Вот это про то, что «гостя дорого встретить как надо – надо его весело». Вот это страшное ощущение человека, который едет в дикие края за ничтожную провинность «собирать тяжелые слезы страны». Васильев человек очень культурный: пожалуй, здесь есть определенный референс к «В острог Илимский еду».
В каком-то смысле Васильев советскую поэзию опередил на году, на версты. Он был, конечно, по своим талантам, по своему пониманию вещей гораздо глубже и старше большинства. Но вот какая вещь: Васильев пытался быть поэтом социальным, но ему это не удавалось. Суть его поэзии – не социальное, а экзистенциальное.
Как он понимал суть русской и мировой истории в это время? Идет тотальное расчеловечивание. Последние остатки расчеловечивания, последние его волны дотягивают до нас сегодня. Но человек этому сопротивляется, человека не удается превратить ни в социальное существо, ни в рабочий механизм. Человеческое оказывается сильнее. И вот весь Васильев – это, конечно, вопль растаптываемой человечности. Человеческой породы, заталкиваемой в социальные, цензурные, в культурные рамки.
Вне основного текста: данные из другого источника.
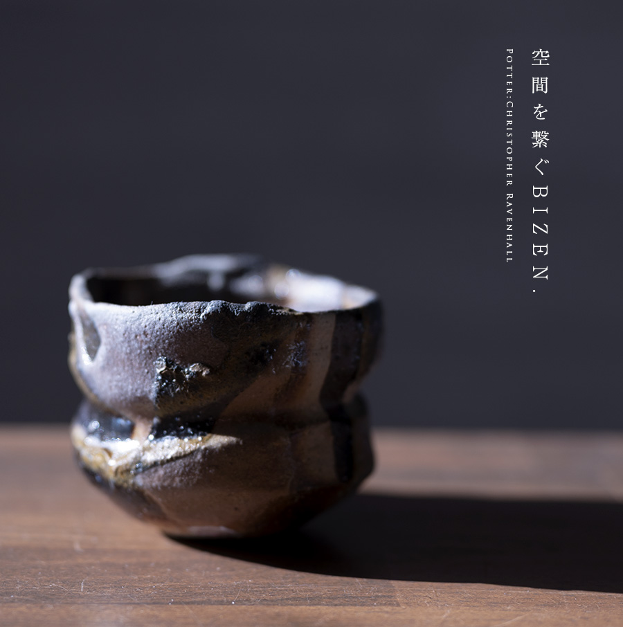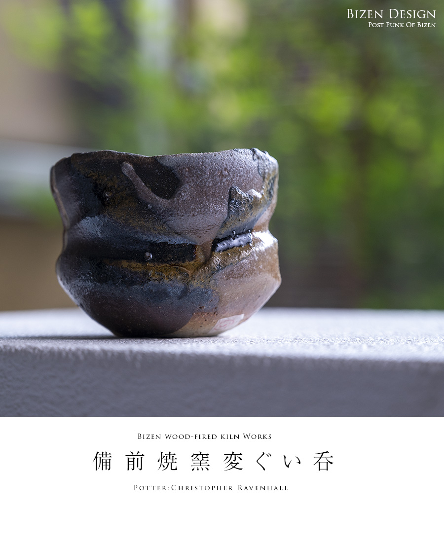 イギリス生まれの備前焼・作家「Christopher Ravenhall/クリストファー レイヴェンホール)」さんの備前焼窯変ぐい呑。

Это вопль человека, который не желает принимать правил, в котором прорывается (иногда в страшных формах) вот эта дикая и непобедимая человеческая природа.
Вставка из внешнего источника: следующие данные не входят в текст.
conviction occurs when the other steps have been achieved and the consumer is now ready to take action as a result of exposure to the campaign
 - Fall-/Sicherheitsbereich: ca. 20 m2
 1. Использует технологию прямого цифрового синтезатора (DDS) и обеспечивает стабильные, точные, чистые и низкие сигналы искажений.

Я думаю даже, что Васильев не случайно искал человеческое в дикости, в зверстве, потому что модерн все-таки расчеловечивает. Там человек не живет. А Васильев – почему его и любили всегда почвенники – это, конечно, вопль архаики дикой. И в этом, конечно, советская власть справедливо видела в нем врага. Иное дело, что модерн привел к довольно страшным результатам, а вот в недрах архаики иногда можно было спрятаться, отсидеться, в недрах семьи, например, или в недрах любви, или в недрах примитивного языческого пантеизма.
Иными словами, путь модерна оказался страшнее. И Васильев, с его упоением первозданной древностью, стихией, вольницей был последним, если угодно, последним великим поэтом этой архаики. Какие были альтернативы? Попробуем понять в другой раз, говоря об обэриутах. Ну а пока – 23, 24 и 25-го всех я жду на своих тбилисских и батумских вечерах. Увидимся. Пока.